Анна не имела ни одной спокойной минуты. Ежечасно, ежесекундно, и днем, и ночью, постоянно перед ее умственным взором стоял, угрожающим призраком, этот ужасный Пиэкер и ее… мать – Антония!.. О, это было ужасно!
В продолжение целых трех лет одна только исключительная мысль преследовала ее, где бы она ни была, и жгла ей мозг. Мысль была одна: позор ее матери! Ее матери, которая забыла о таком понятии, как человеческое достоинство.
Усталая, обезумевшая от страданий, потеряв последнюю способность рассуждать, Анна не ответила на последнюю угрозу, на последнюю просьбу Пиэкера.
Ее жизнь осветилась надеждой. Пиэкер упорно хранил молчание…
Что, если он умер?
Но, нет! Пиэкер был жив… От него вдруг пришло длинное, пространное письмо, наполненное ужасными подробностями. И к кому же оно пришло? – К Комбределю! Он узнал обо всем.
Этот человек был простым крестьянином, но он поступил, как герой. Он сжег письмо… и не проговорился ни единым словом.
Однако, удар, нанесенный ему посланием Пиэкера, был слишком сильным… Четыре дня спустя, он умер.
Весть об этом разразилась над населением Армуаза, как внезапный оглушительный удар грома.
– Фермер Комбредель умер!
Точно? Странное событие!
Как? При каких обстоятельствах умер Комбредель?
Он умер скоропостижно. Болезнь его была какая-то загадочная. Он быстро отмучился в ужаснейших страданиях, и через четыре дня его не стало.
Одни говорили:
– Умер от холеры!
Другие делали предположение:
– Его отравили!
Но, как бы там ни было, Комбределя не стало!
Лишь только разнеслась по деревне Армуаз весть о том, что Комбредель умер, как перед домиками, тут и там, начали собираться местные жители, на лицах которых выражался испуг. Ремесленники присоединялись к отдельным группам, они откладывали в сторону свои инструменты и с любопытством прислушивались к общим разговорам, засунув руки в карманы своих рабочих фартуков. А чтобы лучше разобрать то, о чем шла речь, они вытягивали вперед свои шеи. У всех на лицах была оторопь и беспокойство.
О деле, между тем, рассказывали уже подробности… рассказывались, понятно, теми, которые были наиболее проинформированы в загадочной неизвестности трагических событий.
Конечно, как обычно, это были женщины, которые знали более всех. Они тараторили, не умолкая. Если вдруг у них не хватало тем для болтовни, они просто придумывали необходимые подробности. Суть трагического происшествия, еще никому не была известна, но женщины уже решили, что происшествие непременно трагическое. Все новости передавалось в очень преувеличенном свете, один рассказ противоречил другому. Возбужденное любопытство крестьян довольствовалось этими пересудами и не делало попыток разобраться в них. Все принималось на веру. Никто не знал, где заканчивается действительность и где начинается фантазия.

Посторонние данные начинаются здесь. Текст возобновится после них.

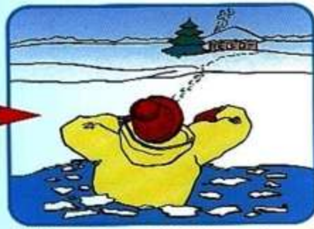
Выбраться в сторону, с которой произошло падение
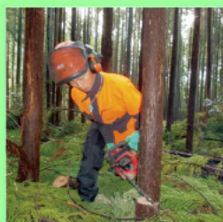
(チェーンソー基礎実習)
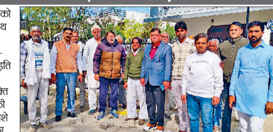
रेवाड़ी। ग्रामीणों को जागरूक करते हुए पुलिस टीम।
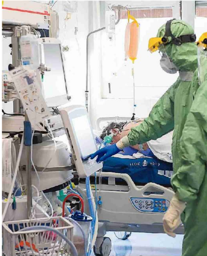
Il reparto di Terapia intensiva di un ospedale a Reggio Calabria
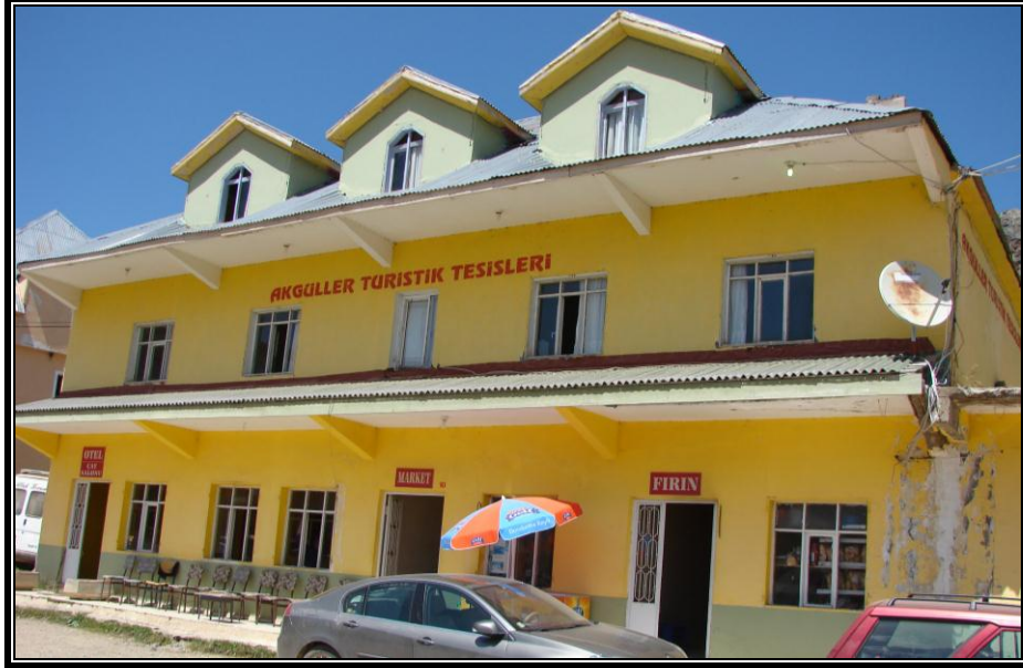
Fotoğraf 4. Taşköprü’de otel, lokanta, market, fırın ve çay ocağı gibi hizmet birimlerinin bulunduğu, ancak doğal ve kültürel ortam özelliklerini yansıtmayan turistik tesislerden bir görünüm.
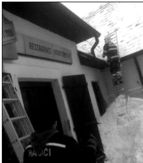
Odklizení sněhu hasiči z přetížené střechy - restaurace Montgomery na Žernovce

SDH Žernovka bude v průběhu roku pořádat mnoho kulturních a společenských akcí nejen pro hasiče, ale hlavně pro místní obyvatele a jejich děti. Těšíme se na shledání na hasičském plese 6. února v restauraci Montgomery.
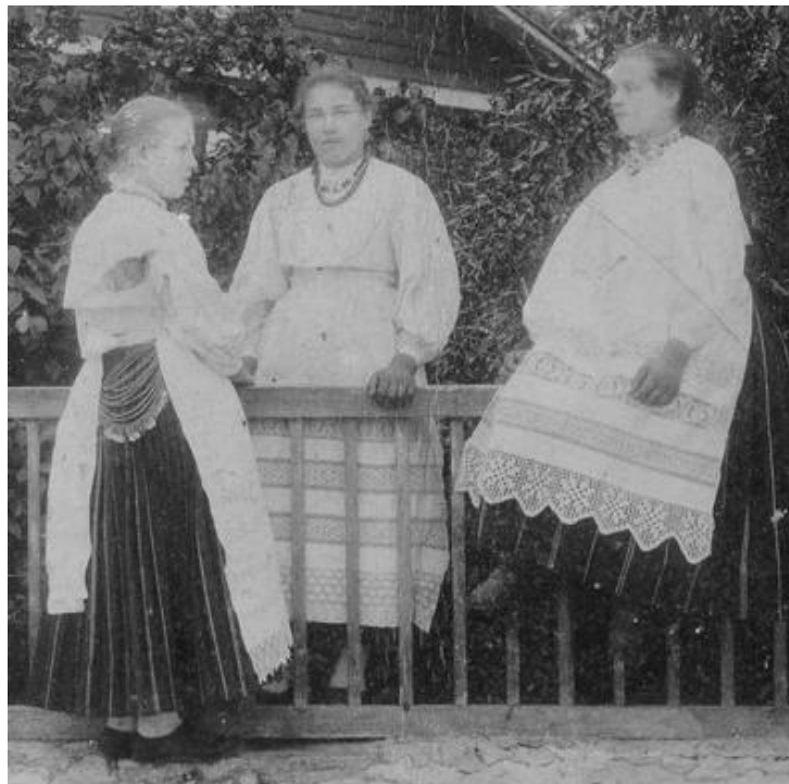
Foto 6. Lõuna-Hiiumaa neiud helmekeedega 1896. aastal. (“Hiiu rahvariides neiud Haapsalus 1896.a. HKM Fp 933 F 4999,” MUIS, https://opendata.muis.ee/object/2181089 (13.05.2025))

Ainukesed nii meeste kui naiste rõivastuse hulka kuuluvad esemed, mida pole protokollides esindatud, on rinnaehted. Särgi või käiste kinnitamise vahendiks olid laialdaselt levinud paarisentimeetri suurused vasest või hõbedast vitssõled, mida kasutasid nii mehed kui ka naised. 490 Selle külge võisid naised riputada klaasist ripatsi. Samuti kuulus naiste rinnaehete hulka nelja või kuue värvilise silmaga ehk klaastahukaga aga ka silmadeta preese. 491 Nende hinnalise väärtuse tõttu võiks eeldada, et tegemist võis olla populaarse varastamisobjektiga, kuid kohtuprotokollidele tuginedes võib väita, et vastupidiselt peeti

Похороны Комбределя, которые состоялись два дня спустя после его смерти, не положили конца деревенским сплетням и предположениям. Умы были возбуждены, воображение раздражено. Находилось много людей, которые, нисколько не стесняясь, говорили во всеуслышание о том, что их тревожило.

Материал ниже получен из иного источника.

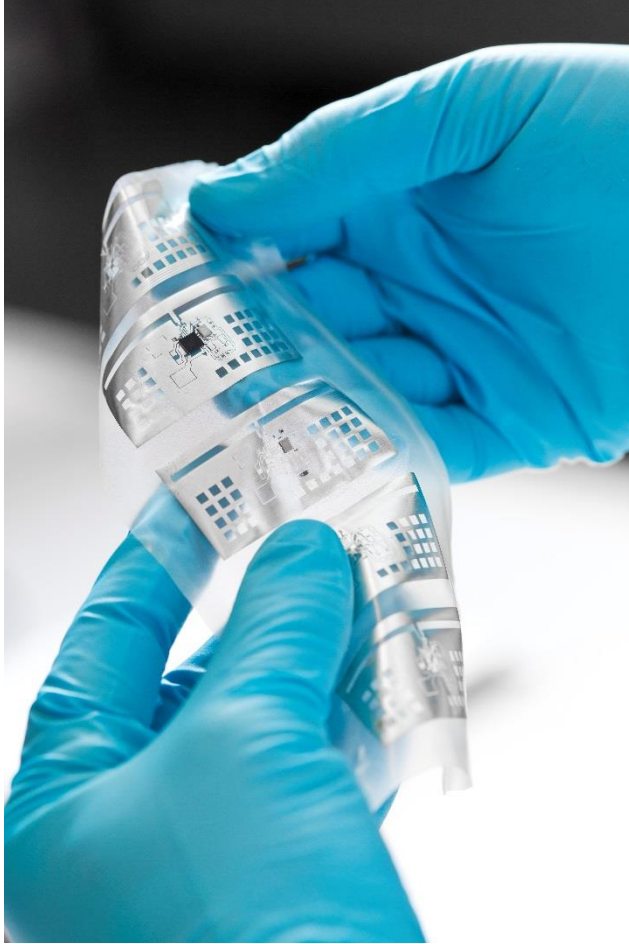
Puettava langaton anturi biosignaalin mittaukseen

Теперь, когда фермер умер уже нечего ей будет скрываться и соблюдать необходимую предосторожность. Известное дело, жена его была кокетка… А насчет денежек – тут уж куда их мотать горазда! И все ее презирали!
А если порыться, как следует, в ее поведении, то можно бы было найти очень много такого, что не делало ей чести.

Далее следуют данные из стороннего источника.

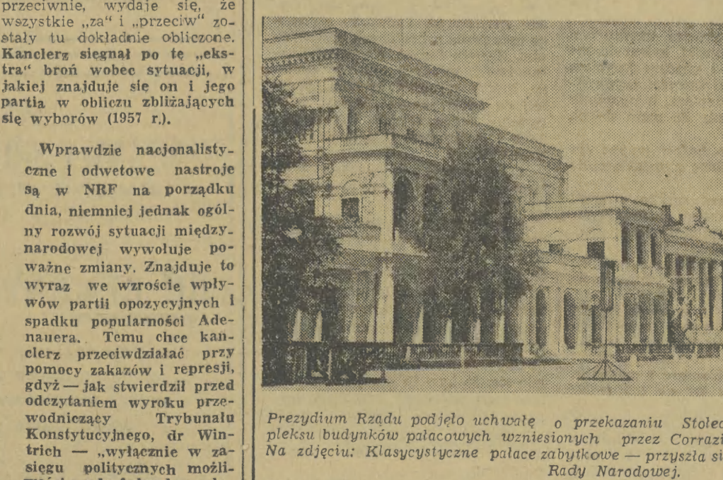
Prezydium Rady podjęło uchwałę o przekazaniu Stołecznej Radzie Narodowej kompleksu budynków pałacowych wzniesionych przez Coraziego. Na zdjęciu: Klasycyzyczne pałace zabytkowe — przyszła siedziba Prezydium Stołecznej Rady Narodowej.

Не думайте, что против нее говорили злоба или ненависть крестьян. Конечно, на свете немало злых языков. Но тут совсем другое дело: факты говорят сами за себя.
Вот, таким-то образом толстуха Клотильда Повре стала рассказывать всем, что она накрыла как-то госпожу Комбредель в тот момент, когда она, ночью, разговаривала с каким-то брюнетом, высокого роста, с длинной бородой.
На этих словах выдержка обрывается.